FID is a single number that says “how far apart are the real and fake data distributions?” Lower = more similar = better fakes. It was designed for images and works great there, but for EEG data it’s unreliable because it depends on a feature extractor that was trained on photos, not brain signals. That’s why we use other metrics instead.

Heusel et al., 2017. Synthetic data validation taxonomy (fidelity, utility, privacy) discussed in Gonzales et al., 2023.

KL Divergence (Kullback-Leibler Divergence)

A measure of how one probability distribution differs from another. In this thesis it serves two purposes: (1) as part of the VAE training loss (regularizing the latent space to follow a standard distribution), and (2) as a spectral evaluation metric (measuring how different the PSD of synthetic data is from real data, per frequency band).

In plain terms…

KL divergence answers: “How surprised would I be if I thought the data came from distribution A, but it actually came from distribution B?” If the two distributions are identical, the answer is zero (no surprise). If they’re very different, the number is large. We use it both to train the VAE and to check whether synthetic signals have the same frequency profile as real ones.

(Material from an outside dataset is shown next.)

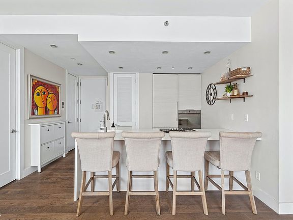Lined with floor to ceiling windows in every room and an open southern exposure, there is an abundance of natural light all day. With an open kitchen and a large Corian island that spills into a spacious living room, there are multiple options for a dining area. A rarity in the condo market today.

Kullback & Leibler, 1951. Used as a VAE objective component by Kingma & Welling, 2014.

Latent Space

A compressed, lower-dimensional representation of the data learned by an encoder network. Instead of generating directly in the high-dimensional signal space (23 channels × 1024 samples = 23,552 values), models like CVAE and LDM work in a much smaller latent space (e.g., 128 dimensions), then decode back to signal space. This makes generation faster and more stable because the model only needs to learn the structure of a compact representation, not every sample value.

In plain terms…

A latent space is like a set of sliders on a mixing board. Each slider controls one abstract property of the signal (maybe one controls “spikiness,” another controls “speed”). Instead of working with the full 23,552-number signal directly, the model learns to describe it with just 128 slider positions. Moving the sliders creates new, valid signals - and because there are only 128 to worry about instead of 23,552, the model’s job becomes much easier.

Concept formalized for generation by Kingma & Welling, 2014 and Rombach et al., 2022. Applied to medical time-series by Bing et al., 2022 (HealthGen); to synthetic EEG by Carrle et al., 2023.

Linear Probe

A simple linear classifier trained on top of frozen feature representations (embeddings) from a neural network. Used to test what information those representations encode without modifying the network itself. In E7, a linear probe trained to identify patients from detector embeddings reveals whether the detector relies on subject-specific signatures.

In plain terms…

Imagine you trained a dog to fetch “seizure balls.” A linear probe asks: “Can the dog also tell which person threw the ball, even though we never taught it that?” If yes, the dog is secretly using person-specific cues (like smell) rather than just ball-related cues. In E7, we check whether our seizure detector is secretly recognizing which patient the signal belongs to, rather than learning truly general seizure patterns.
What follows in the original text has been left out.